Given the entries below, would you transcribe exactly the lines starting at the one with "ノーコード推進協会(NCPA" and ending at the one with "そして、去られた先生方はビデオレターで子どもたちにあいさつをしました。", both kept, pictures omitted, nothing extra?
*** Provided records ***
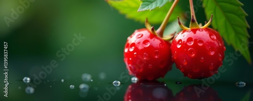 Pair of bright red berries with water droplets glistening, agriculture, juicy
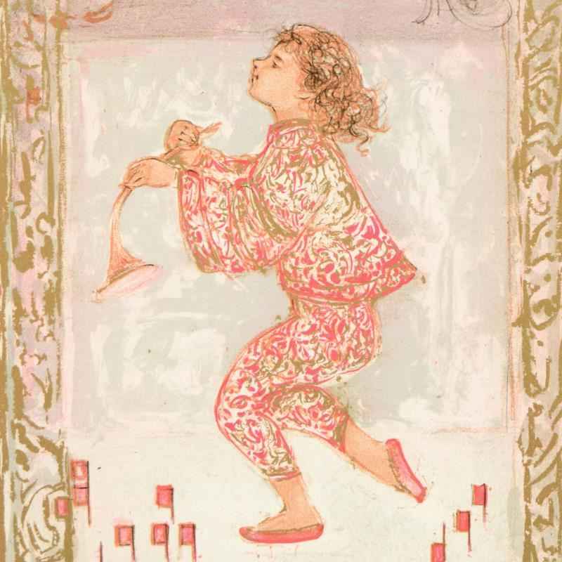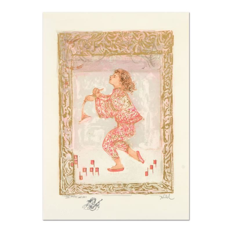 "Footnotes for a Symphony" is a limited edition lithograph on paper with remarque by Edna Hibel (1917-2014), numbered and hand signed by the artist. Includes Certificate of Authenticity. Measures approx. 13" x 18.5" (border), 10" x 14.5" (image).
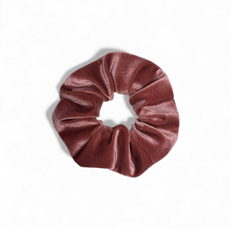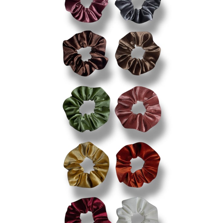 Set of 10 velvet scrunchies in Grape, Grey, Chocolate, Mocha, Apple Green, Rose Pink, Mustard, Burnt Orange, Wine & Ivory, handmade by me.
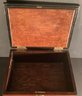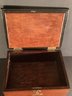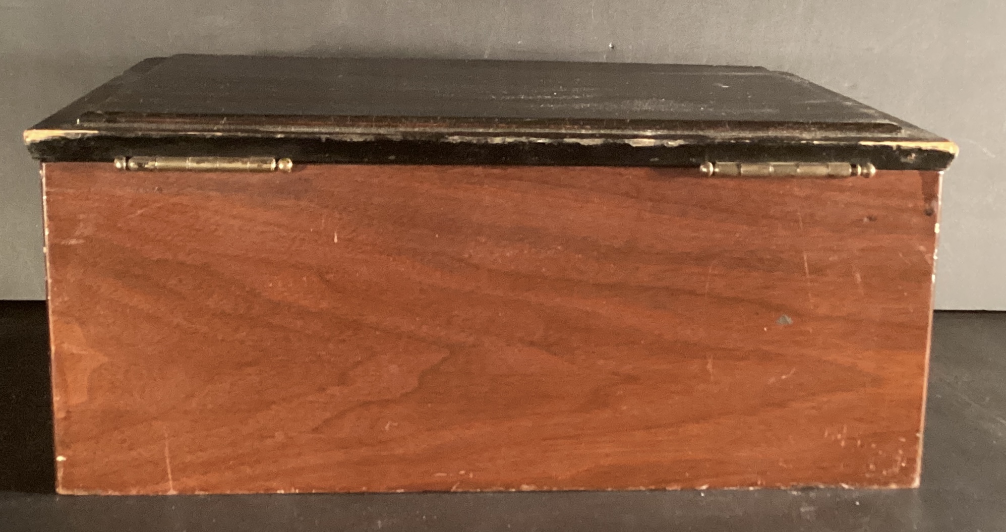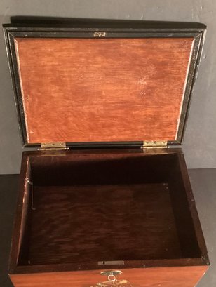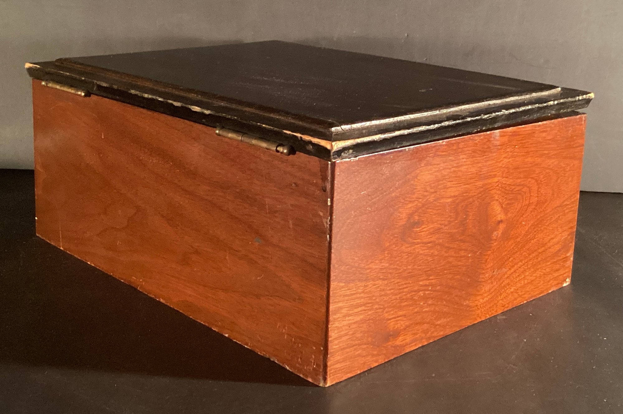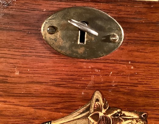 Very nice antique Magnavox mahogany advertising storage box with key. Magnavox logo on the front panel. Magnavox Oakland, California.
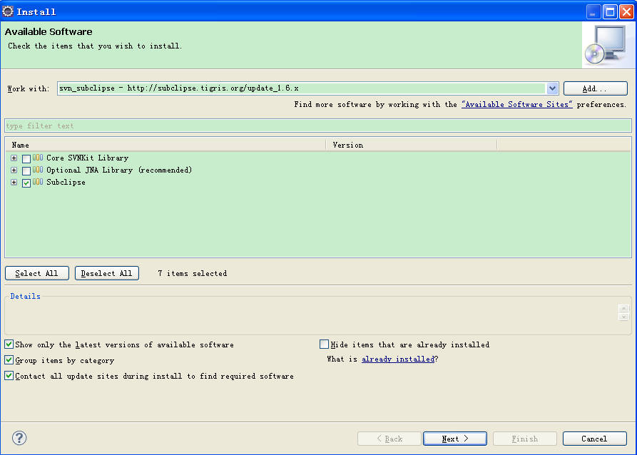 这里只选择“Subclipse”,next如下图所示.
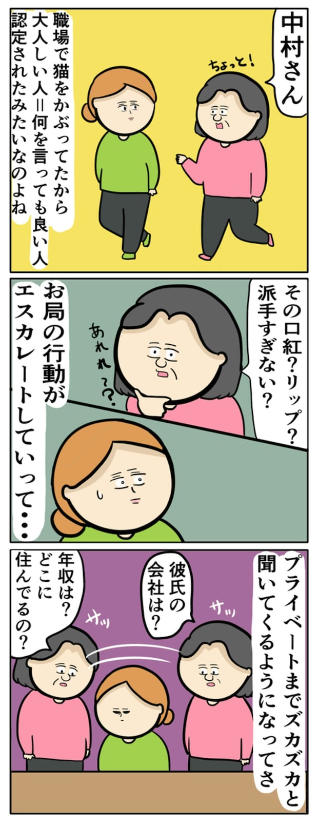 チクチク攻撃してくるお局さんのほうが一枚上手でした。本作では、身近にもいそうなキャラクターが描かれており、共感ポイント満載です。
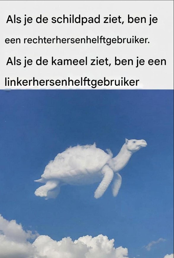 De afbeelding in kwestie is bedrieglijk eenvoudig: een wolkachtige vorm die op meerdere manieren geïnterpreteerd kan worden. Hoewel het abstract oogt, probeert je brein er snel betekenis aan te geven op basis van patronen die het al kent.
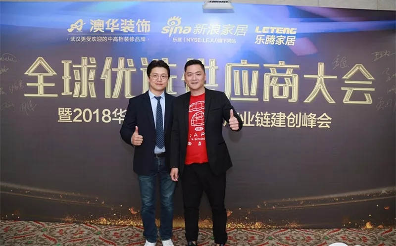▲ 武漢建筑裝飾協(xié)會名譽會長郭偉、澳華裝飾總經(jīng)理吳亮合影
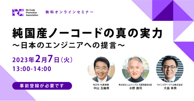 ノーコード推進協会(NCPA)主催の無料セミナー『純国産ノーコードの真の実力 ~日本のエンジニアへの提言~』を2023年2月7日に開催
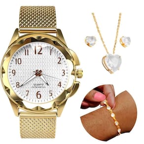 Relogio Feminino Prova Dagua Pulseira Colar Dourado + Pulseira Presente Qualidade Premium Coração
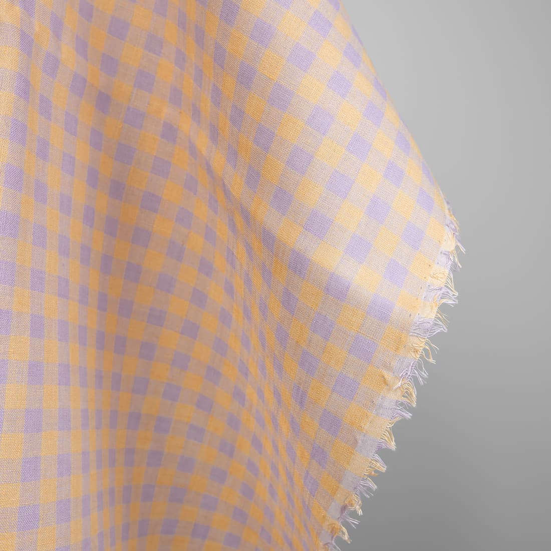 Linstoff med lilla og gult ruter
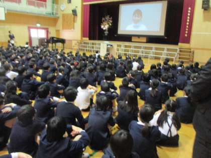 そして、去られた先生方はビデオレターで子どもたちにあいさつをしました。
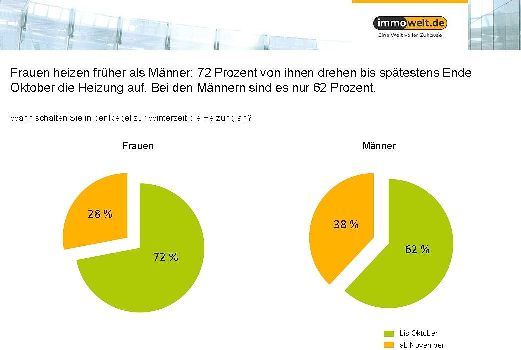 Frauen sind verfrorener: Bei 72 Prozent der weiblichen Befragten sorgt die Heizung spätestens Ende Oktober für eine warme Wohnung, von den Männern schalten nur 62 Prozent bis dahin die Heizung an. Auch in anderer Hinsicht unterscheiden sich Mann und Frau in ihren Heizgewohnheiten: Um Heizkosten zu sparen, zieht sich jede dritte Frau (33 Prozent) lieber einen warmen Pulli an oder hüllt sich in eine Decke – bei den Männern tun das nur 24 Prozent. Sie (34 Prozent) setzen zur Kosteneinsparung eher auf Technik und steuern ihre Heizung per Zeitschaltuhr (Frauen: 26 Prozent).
*** End of Provided records ***
**Result of the exercise**
 ノーコード推進協会(NCPA)主催の無料セミナー『純国産ノーコードの真の実力 ~日本のエンジニアへの提言~』を2023年2月7日に開催
 Relogio Feminino Prova Dagua Pulseira Colar Dourado + Pulseira Presente Qualidade Premium Coração
 Linstoff med lilla og gult ruter
 そして、去られた先生方はビデオレターで子どもたちにあいさつをしました。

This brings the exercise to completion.